Что? Рассказать о мраке Брасса? Попробуйте-ка передать это словами… Он долго бродил в темноте, натыкаясь на стены, пока не был схвачен стальными пальцами и не помещен в глицериновый гроб. Крышка захлопнулась. Мрак? Вообразите голоса, пришедшие из тьмы, — только голоса и ничего больше:
— Эй!
— Аааааа…
— Эй, как тебя кличут, приятель?
— Мне кажется, он еще не очнулся.
— Заткнись! Ну, давай, отзовись!
— … ааа… что…?
— Он приходит в себя.
— … кто…?
— Я — Ястреб, а он.
— А я — Свин. Ястреб хочет знать, за что тебя посадили.
— А… да… я… меня зовут…
— Так-то, приятель. Лучше сразу дать Ястребу то, что он хочет. Ястреб всегда получает то, что он хочет.
— Ха, как ты ему, Ястреб!
— … Кейдж. Джейсон Кейдж.
— Кому ты перешел дорогу, Кейдж? Сюда просто так не сажают.
— Я… послушайте, оставьте меня в покое!
— Ишь ты, чего захотел!
— Я не… я просто хочу остаться в…
— Сейчас я прикажу Свину слегка пошуметь. Ты знаешь, приятель, тебе лучше сразу сойти с ума, чем услышать это еще раз. Давай, Свин, ори!
— Аааагаагаа… ууоооооа… ыыыиыы… ха…
— … хватит!
— Нет, дружок, ты не останешься один, мистер Джейсон Кейдж. Я сижу здесь уже год, и единственное, что слышу — это треп Свина. Его лишили половины мозгов, прежде чем бросить сюда. Нет, и близко об этом не думай. Говори!
— Ястреб хочет знать, почему тебя посадили в Брасс.
— И ты расскажешь Ястребу, слышишь, мистер сонный Кейдж?
Вздох. Еще вздох.
— … я так понимаю, вы здесь газет не получаете.
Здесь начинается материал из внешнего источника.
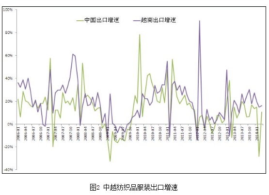 中國作為傳統(tǒng)的紡織品服裝出口國家,盡管2013年紡織品服裝出口也呈現(xiàn)增長態(tài)勢(shì),但增速在下降。2014年這一現(xiàn)象沒有好轉(zhuǎn),一季度,中國總的紡織品服裝出口同比增長僅0.4%。雖然中國對(duì)越南紡織品服裝出口同比增長20.88%,但顯然,中國的傳統(tǒng)市場份額已經(jīng)被越南侵蝕。

— Никогда не читал газет, — смешок.
— Заткнись, Свин. Давай, Кейдж, вали дальше.
— Я не хочу.
— Говори!
— Я расскажу свою историю, если ты расскажешь свою. Ты должен рассказать, мистер Кейдж. Пожалуйста, мистер Кейдж.
— Свин, заткни пасть. А тебе, Кейдж, я повторяю — говори.
— Ну… ладно, ладно, но мне будет очень больно.
— Больно, Кейдж.
— Нас бросили в Брасс не для того, чтобы сделать счастливыми.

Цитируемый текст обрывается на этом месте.